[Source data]
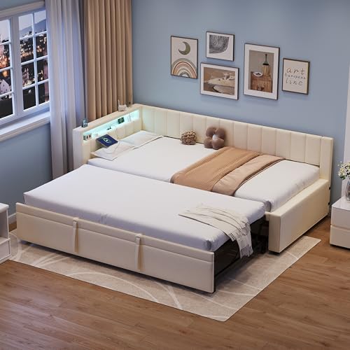 Huayz Day Bed 90x190cm,Upholstered Single Sofa Bed with Trundle,with RGB LED Lighting,3ft,Pull Out Bed,Daybed for Adults & Teenagers,Velvet, Beige
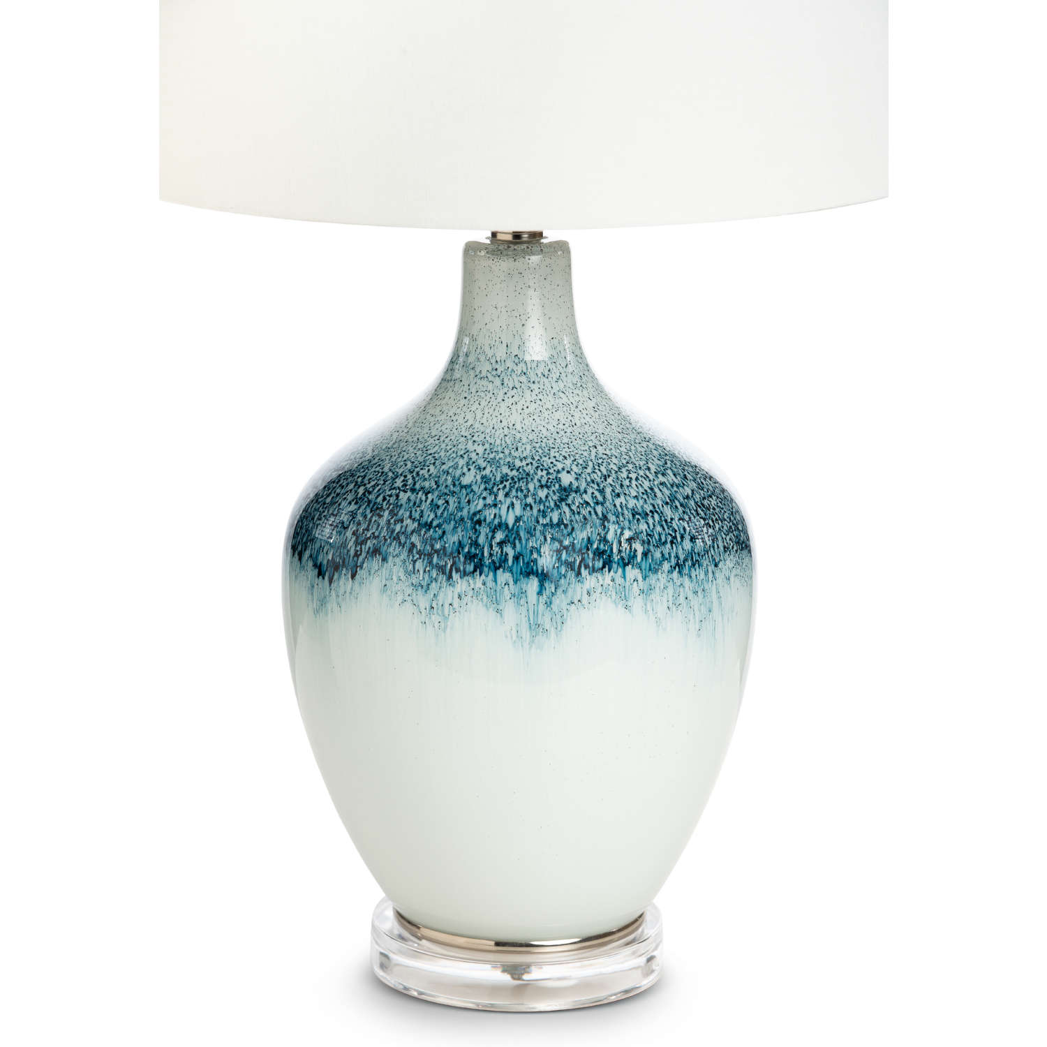 • Striking fusion of blue and white glass reminiscent of the ocean meeting the shore
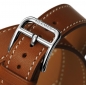 • Brown natural Barenia calfskin leather "double tour" strap with contrasting white stitching and a tang buckle. The strap winds around the wrist two times.
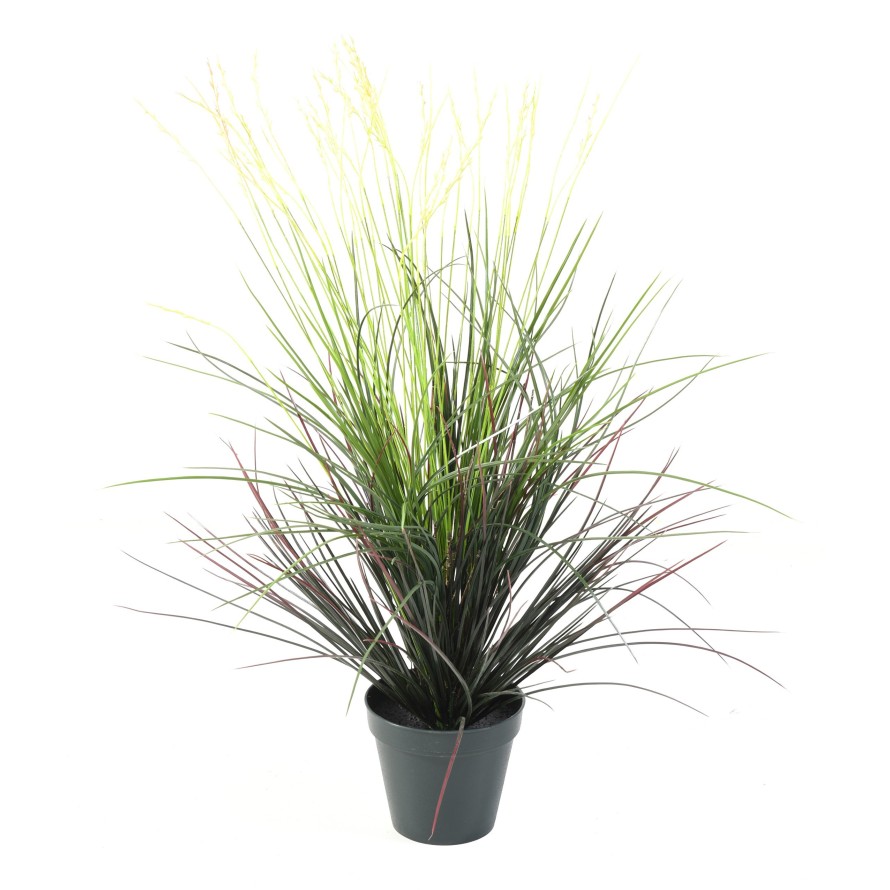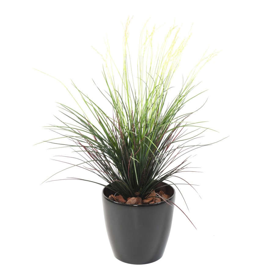GRAMINEE TOUFFE NEW Artificielle, tricolore composée de 42 fleurs, à la base un pot de diamètre 18 cm et hauteur 14 cm (un seul piquet). Le pot d’origine doit être percé pour permettre à l’eau de s’évacuer. Il doit être fixé au bac décoratif en créant un drainage pour éviter toute stagnation de l’eau au pied de la plante. Convient pour l'extérieur. Garantie résistance aux UV : 2000 heures (heures d’ensoleillement) soit environ 2 ans.
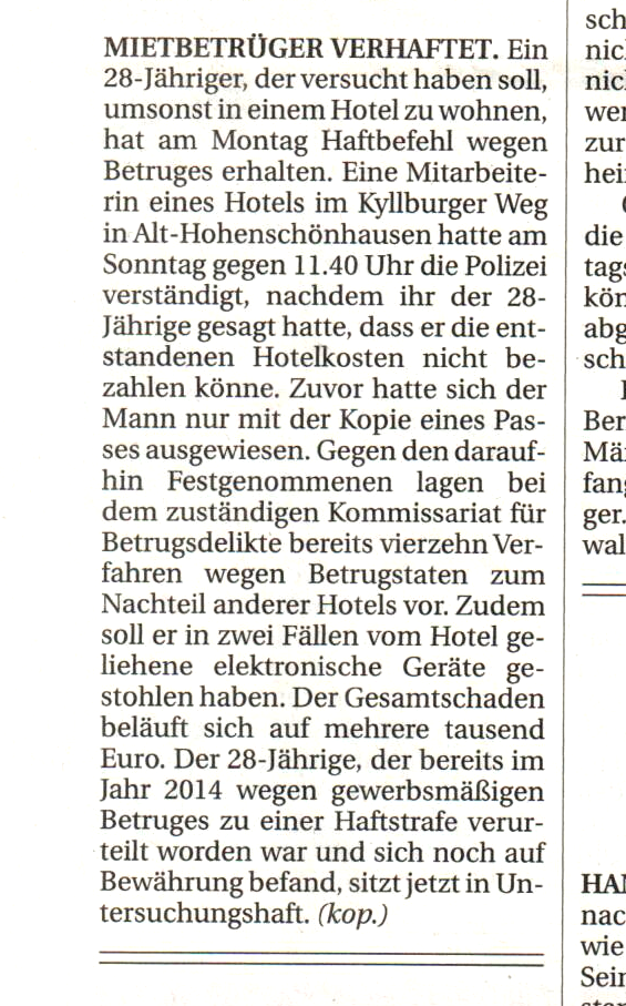 Hm, da wollte einer ganz schlau sein. Hat wohl nicht geklappt. Jetzt zahlt Vater Staat die Übernachtung:
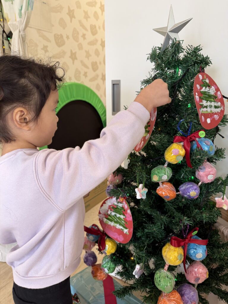 出来上がった飾りは玄関のクリスマスツリーに飾り付けられました。自分で飾りたい場所に付けることで、楽しみも倍増ですね。

Task goal: When you reach the line that contains "Hm, da wollte", start reproducing, and continue word for word to the end of the records; skip all pictures.

Answer section:
 Hm, da wollte einer ganz schlau sein. Hat wohl nicht geklappt. Jetzt zahlt Vater Staat die Übernachtung:
 出来上がった飾りは玄関のクリスマスツリーに飾り付けられました。自分で飾りたい場所に付けることで、楽しみも倍増ですね。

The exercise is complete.